TASK DIRECTIONS = Copy out every line of the data exactly; do not include the images.

DATASET EXCERPT =
- - -

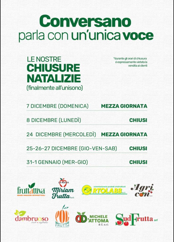 E’ bastata la determinazione di alcuni tra i titolari per pianificare i giorni di chiusura durante le festività e gli orari di apertura e chiusura nei prefestivi. Così dalla zona annonaria è arrivata la proposta unica di otto commercianti e operatori del mondo ortofrutticolo (Fruttattiva srl, Miriam Frutta srl, Ortolabb srl, Agricon Srl , D’Ambruoso Import Export prodotti ortofrutticoli srl, Pogfrutta snc, Michele D’Attima &C srl, Sud frutta srl) che hanno finalmente deciso di camminare insieme e dare un segnale di grande attenzione nei confronti delle famiglie dei propri dipendenti e delle proprie.
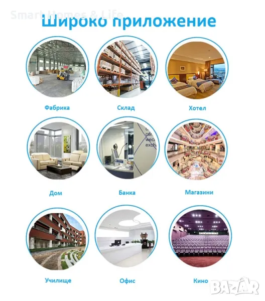 системи с мобилно приложение, магнитни сензори за врати и прозорци, сензори за дим / пушек, наводнения, въглероден оксид, газ, обемни сензори, Micro SD карти, смарт сензори за управление на влажност и температура, безжични водоустойчиви външни звънци, сензорни осветления, смарт управления за домакински уреди и много други продукти.
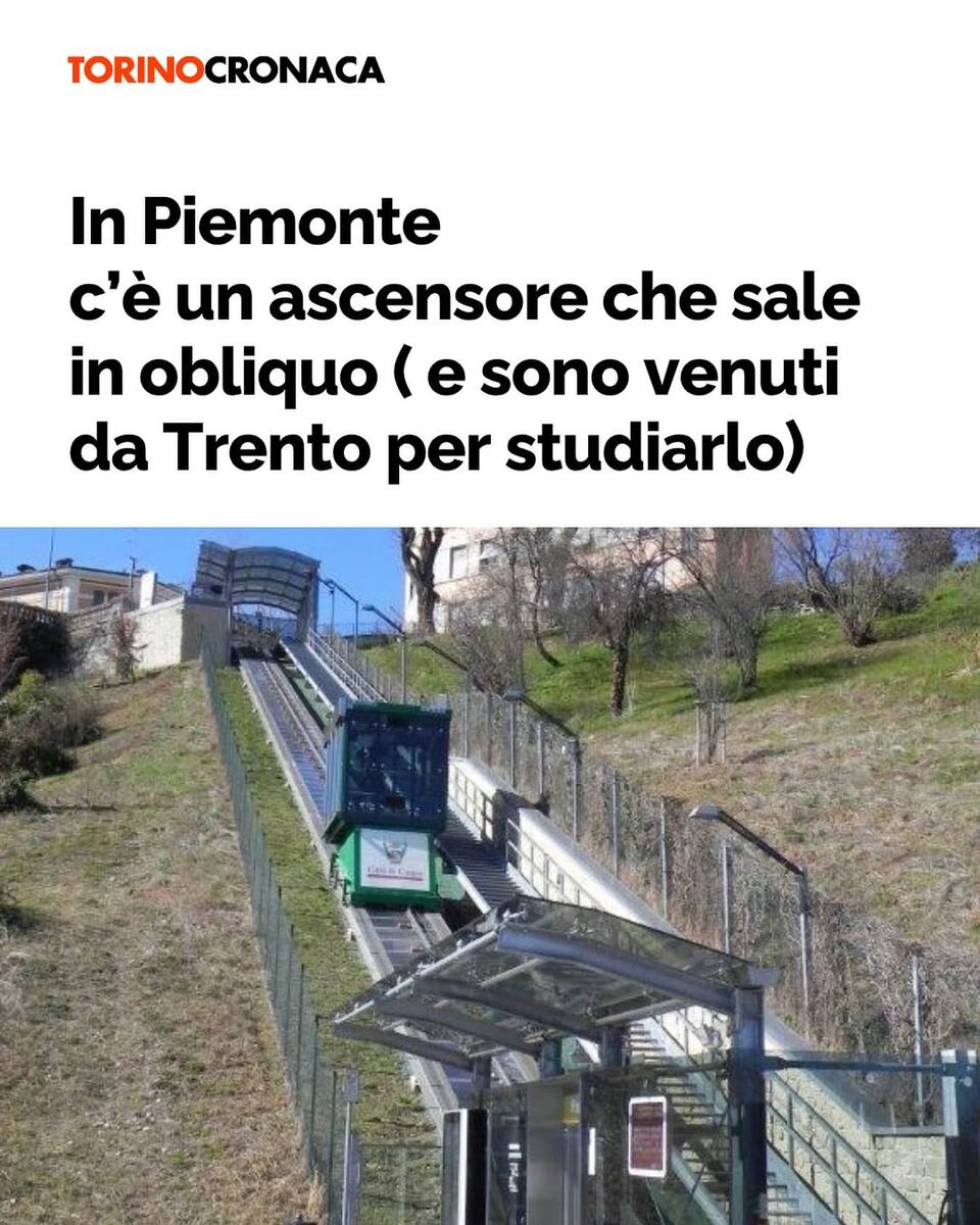 Вместо того чтобы подниматься вертикально, он передвигается по наклонной траектории. Речь идет о панорамном наклонном лифте — установке, которая соединяет нижнюю часть города Кунео, район Ольтреджессо, с проспектом Джузеппе Гарибальди. Лифт окружен зеленью, и за 45 секунд поездки открывает потрясающий вид на окружающий пейзаж.
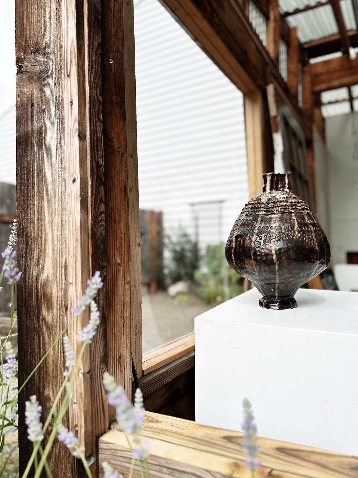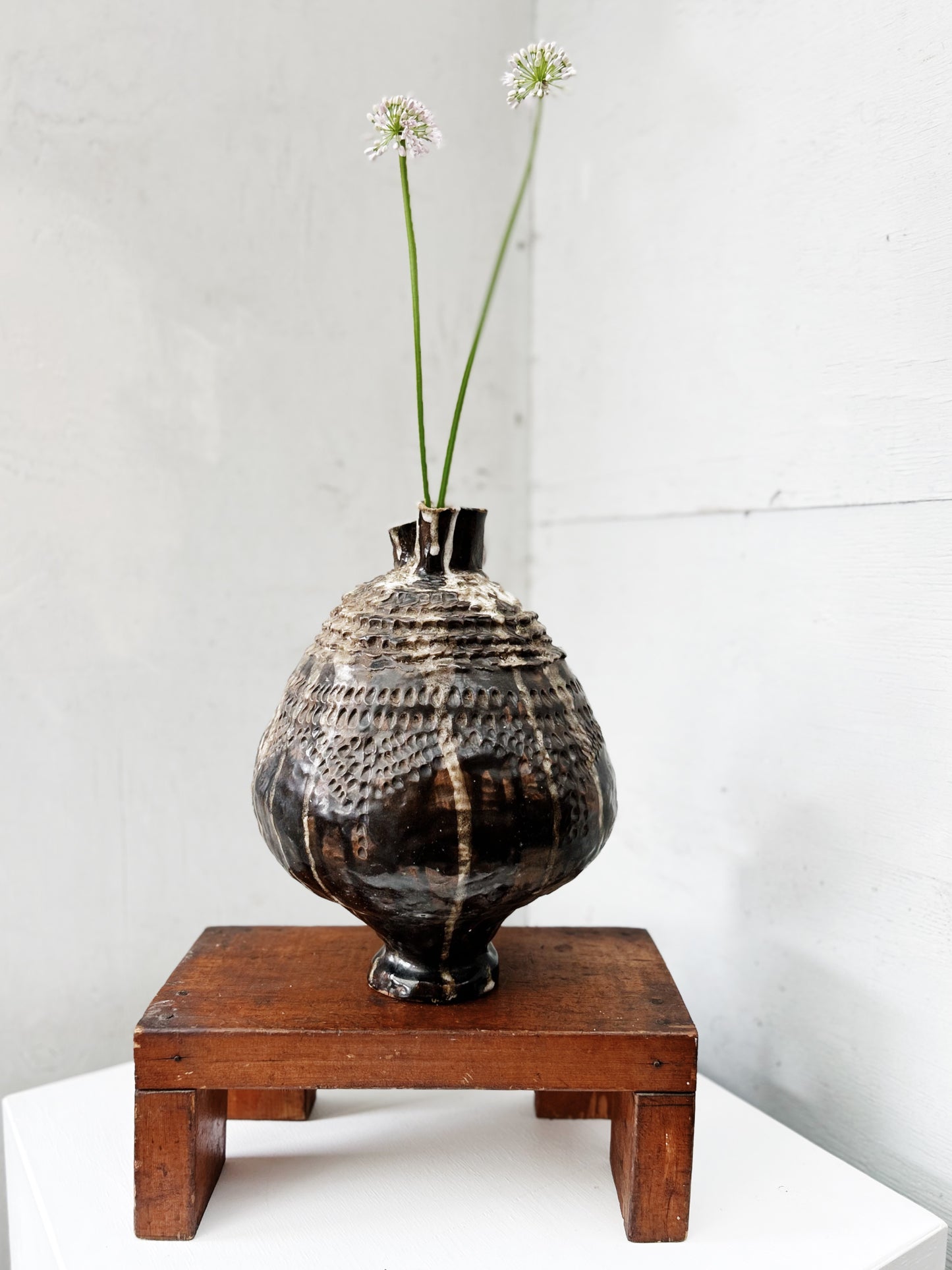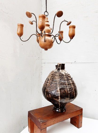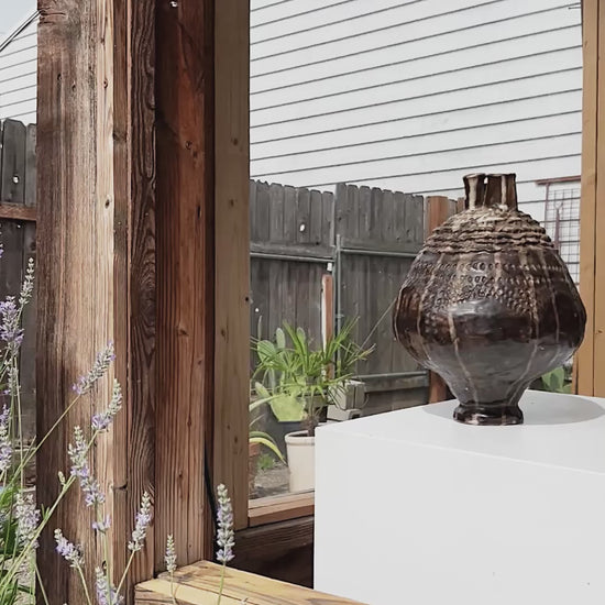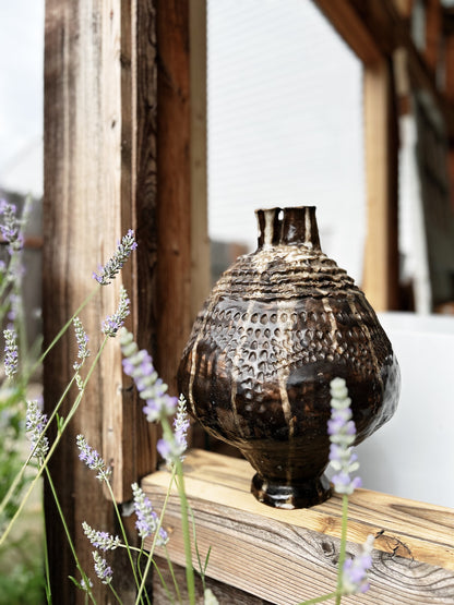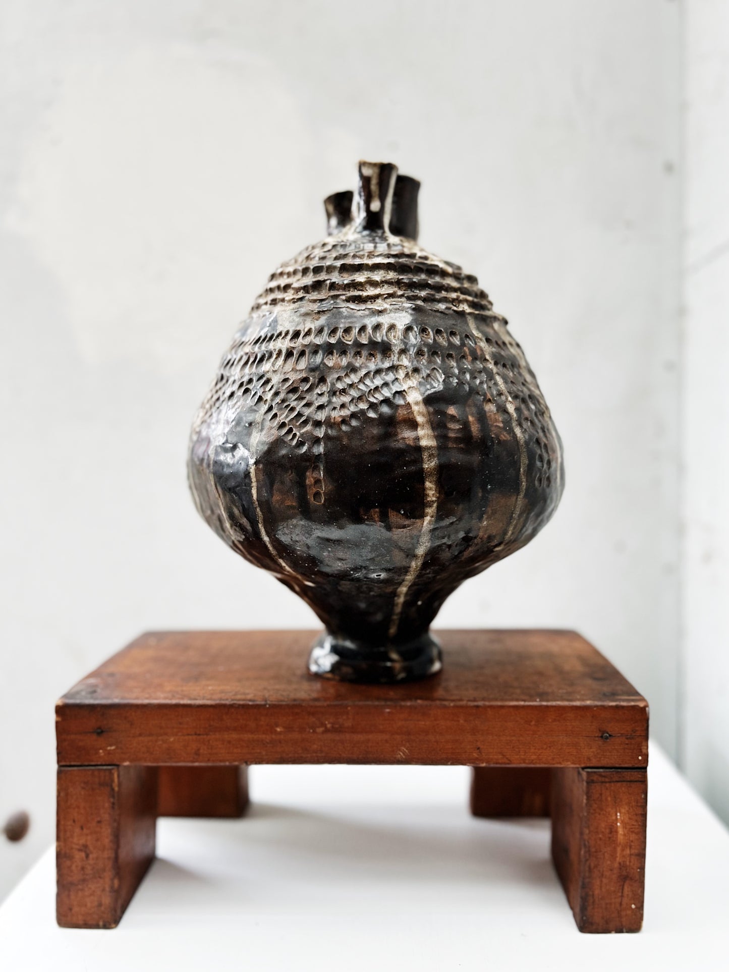 Large hand built ceramic vessel. Three spouts for arranging stems. The rims have some old chipping. This doesn't bother us. Really lovely piece

- - -

WRITTEN RESPONSE =
 E’ bastata la determinazione di alcuni tra i titolari per pianificare i giorni di chiusura durante le festività e gli orari di apertura e chiusura nei prefestivi. Così dalla zona annonaria è arrivata la proposta unica di otto commercianti e operatori del mondo ortofrutticolo (Fruttattiva srl, Miriam Frutta srl, Ortolabb srl, Agricon Srl , D’Ambruoso Import Export prodotti ortofrutticoli srl, Pogfrutta snc, Michele D’Attima &C srl, Sud frutta srl) che hanno finalmente deciso di camminare insieme e dare un segnale di grande attenzione nei confronti delle famiglie dei propri dipendenti e delle proprie.
 системи с мобилно приложение, магнитни сензори за врати и прозорци, сензори за дим / пушек, наводнения, въглероден оксид, газ, обемни сензори, Micro SD карти, смарт сензори за управление на влажност и температура, безжични водоустойчиви външни звънци, сензорни осветления, смарт управления за домакински уреди и много други продукти.
 Вместо того чтобы подниматься вертикально, он передвигается по наклонной траектории. Речь идет о панорамном наклонном лифте — установке, которая соединяет нижнюю часть города Кунео, район Ольтреджессо, с проспектом Джузеппе Гарибальди. Лифт окружен зеленью, и за 45 секунд поездки открывает потрясающий вид на окружающий пейзаж.
 Large hand built ceramic vessel. Three spouts for arranging stems. The rims have some old chipping. This doesn't bother us. Really lovely piece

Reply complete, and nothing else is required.